Steve Thatcher broke off as a knock sounded on the door. Ned Dargan turned sharply. His hand slipped toward his hip pocket, where an automatic nestled, as they peered at the panels. Thatcher quickly stepped close.
“Who’s there?”
“Western Union.”
Thatcher hesitated, frowning, then stepped back and gestured Dargan to answer the summons. Dargan, squaring his shoulders, turned the knob. His hand was still on his gun; but when he saw the uniformed boy outside, his fingers unflexed.
“Sure that’s for me?”
“Sam Daniels?”
Dargan peered at the small, square box in the boy’s hand. Quickly he signed, and took the parcel. He closed the door, heard the messenger going down the stairs, and looked up to find Steve Thatcher staring at him widely.
“Careful, Angel!”
Thatcher jerked gloves from his pocket and pulled them on. He took the box from Dargan’s blunt fingers and tore at the string. He ripped off the paper and lifted the cover. An inarticulate gasp broke through his lips as he peered at the thing inside.
It was the modeled brass head of a man, the eyes bulging, the lips drawn into a horrible grin—the grimace that denoted death by tetanus!
Dargan lifted horrified eyes to Steve Thatcher’s face. Thatcher recoiled from the box, and blurted:
“It’s their—warning!”
“Gosh, Boss! They have spotted me!”
Thatcher’s face was deathly white. “Angel, put on gloves—quick!” As Dargan complied with alacrity, Thatcher strode to the window and looked out upon the empty street. Quickly he drew the shade. “Don’t touch anything—not anything you can avoid touching. Don’t even pack now, Angel.”
“Gosh, Boss, I—”
“There might be a pin somewhere in your stuff. A pin dipped in bacilli tetani and placed so that it’ll prick you.
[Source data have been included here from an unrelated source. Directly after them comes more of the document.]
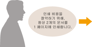프린터 드라이버에서 [1면에 2쪽 인쇄]를 기본 설정으로 지정합니다. 다음 인쇄 작업부터 모든 출력물 페이지는 문서에서 2장씩 인쇄됩니다. 기본 설정 변경
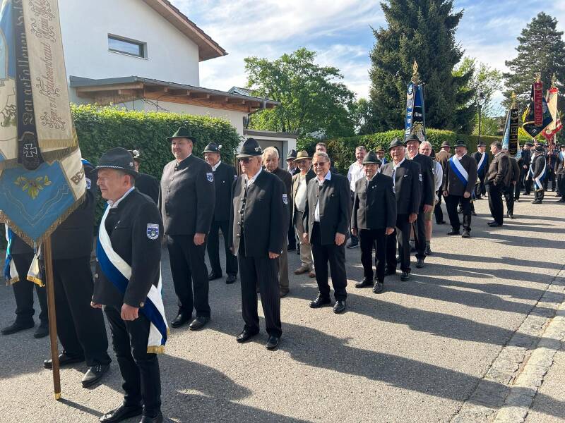 Am Samstag den 03. Mai 2025 fand unsere Jubiläumfeier statt. Nach dem Kirchenzug vom Feuerwehrhaus in Schloßberg mit den Ortsvereinen aus Stephanskirchen fand in der Pfarrkirche St. Georg der Festgottesdienst statt. Pfarrer Fabian Orsetti zelebrierte die Feier zusammen mit der Musikkapelle Stephanskirchen und dem Männergesangverein Schloßberg. Die Fahnenabordnungen der Veteranenvereine Schloßberg, Stephanskirchen, Pfaffenhofen, Leonhardspfunzen und der Feuerwehren Schloßberg, Leonhardspfunzen und Stephanskirchen bildeten sowohl im Gottesdienst als auch beim Gedenken am Kriegerdenkmal ein würdiges Bild. Karl Mair, Schirmherr und 1. Bürgermeister, erinnerte bei der Jubiläumsfeier in der Kirche, an die Geschichte unseres Vereins, und übergab uns einen Scheck in Höhe von 750,-€ zur Unterstützung des Vereins. Nach dem Gottesdienst trafen sich alle Festteilnehmer zum gemütlichen Beisammensein im Festzelt auf dem Rathausplatz.
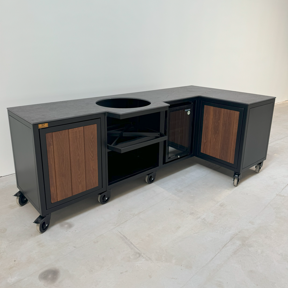 Dankzij het modulaire systeem stel je een buitenkeuken volledig samen naar jouw wensen. Je kiest zelf de opstelling, modules en indeling. Denk aan combinaties met een kamado BBQ, spoelbak, koelkast of extra opbergruimte. Hierdoor ontstaat een buitenkeuken die perfect aansluit op jouw manier van koken en leven buiten.
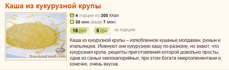 Рецепт: Каша из кукурузной крупы на RussianFood.com
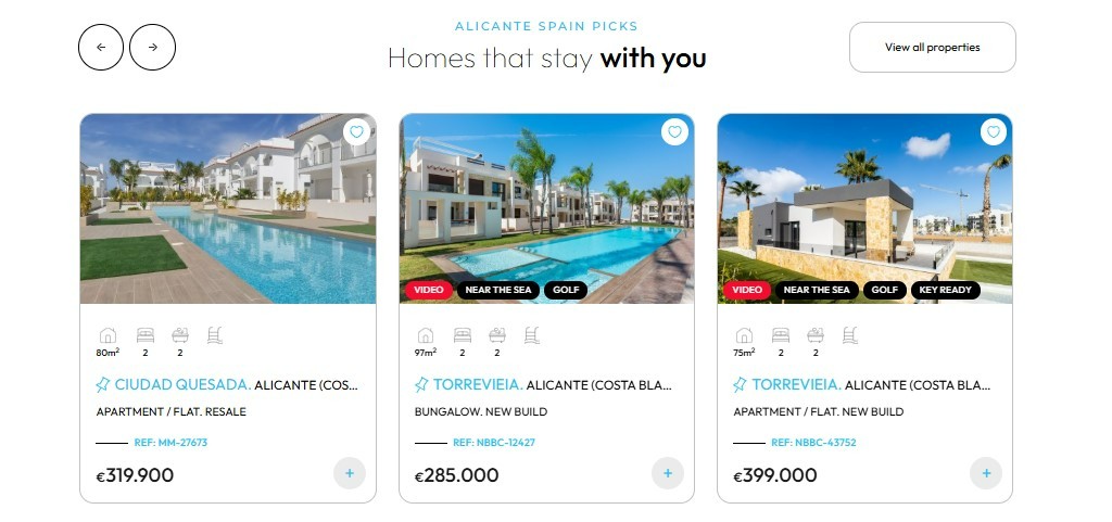 We identified the most competitive developments with the highest number of units in Alicante and placed them front and centre, giving them the prominence they deserved. Meanwhile, developments in secondary areas such as Costa Cálida or Costa del Sol—although still relevant—were moved further down, keeping the focus where it truly matters.

That would be enough, Angel. Come on—we’re going.”
Dargan muttered angrily. “Okay, Boss, I’ll beat it. But you can’t come with me. What if somebody saw us leaving together? They’d know then that you’re working with me—and you’d get one of those ugly brass heads yourself!”
“I’m taking that chance. I’m going with you, Angel, because it’s up to me to see that you get out of here safe. Grab that hat, and come on!”
Steve Thatcher stepped to the hallway door and inched it open. Dargan shouldered beside him as he stepped out. The corridor was silent and empty. They went down the steps together, alert, tense.
At the outer door Thatcher paused, listening. He turned his coat collar up, pulled his hat brim down. He twisted the knob, glanced out, and stepped across the sill.
“Grab the first taxi you see, Angel. Better stay at some hotel tonight. Tomorrow find another room. Get yourself all new clothes, and let me know—”
“Boss! Look out!”
They were halfway down the steps. Dargan cried out as a shadow moved in the darkness below. A man raised from a huddled position and sprang in front of Thatcher and Dargan. His movement was so swift that Thatcher did not have time to pause before he lunged.
The unknown man’s right hand swung up, and the blade of a knife glittered in the street lights.
“Look out, Boss!”
Dargan snapped it, twisting forward. His right fist shot beyond Thatcher’s shoulder. His hard knuckles cracked against the assailant’s jaw. The man jerked back. The knife, slashing downward, hissed close to Thatcher’s face.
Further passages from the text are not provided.